## Your assignment:
Each line of the data below from the one holding "A beautiful mature" to the one holding "L, c, Nx, T, C = 1.0, 1.0, 100, 1.0, 0.8", inclusive, is to be reproduced exactly; no other line belongs in the answer.

## Data:
****************************************
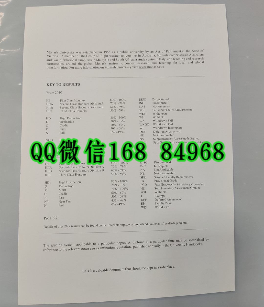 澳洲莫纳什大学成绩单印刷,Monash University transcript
****************************************
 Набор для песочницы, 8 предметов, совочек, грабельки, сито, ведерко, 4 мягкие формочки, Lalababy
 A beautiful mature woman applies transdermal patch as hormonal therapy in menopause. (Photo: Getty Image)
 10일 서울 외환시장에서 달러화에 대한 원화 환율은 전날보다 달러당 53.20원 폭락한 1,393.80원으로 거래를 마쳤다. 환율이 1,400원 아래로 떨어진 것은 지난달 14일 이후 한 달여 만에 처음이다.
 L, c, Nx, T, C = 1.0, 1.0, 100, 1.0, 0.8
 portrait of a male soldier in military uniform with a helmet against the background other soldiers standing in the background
****************************************
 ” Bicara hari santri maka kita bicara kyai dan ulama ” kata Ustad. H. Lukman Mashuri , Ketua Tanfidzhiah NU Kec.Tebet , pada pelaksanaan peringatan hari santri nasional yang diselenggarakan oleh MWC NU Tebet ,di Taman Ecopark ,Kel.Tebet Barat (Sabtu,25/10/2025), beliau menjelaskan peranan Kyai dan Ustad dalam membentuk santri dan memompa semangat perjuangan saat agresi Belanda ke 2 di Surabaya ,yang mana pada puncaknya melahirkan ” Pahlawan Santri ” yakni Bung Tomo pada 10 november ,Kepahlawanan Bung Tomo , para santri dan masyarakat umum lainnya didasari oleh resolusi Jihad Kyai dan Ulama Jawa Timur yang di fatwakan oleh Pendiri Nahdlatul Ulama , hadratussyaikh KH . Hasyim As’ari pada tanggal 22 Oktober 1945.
****************************************
## The answer:
 A beautiful mature woman applies transdermal patch as hormonal therapy in menopause. (Photo: Getty Image)
 10일 서울 외환시장에서 달러화에 대한 원화 환율은 전날보다 달러당 53.20원 폭락한 1,393.80원으로 거래를 마쳤다. 환율이 1,400원 아래로 떨어진 것은 지난달 14일 이후 한 달여 만에 처음이다.
 L, c, Nx, T, C = 1.0, 1.0, 100, 1.0, 0.8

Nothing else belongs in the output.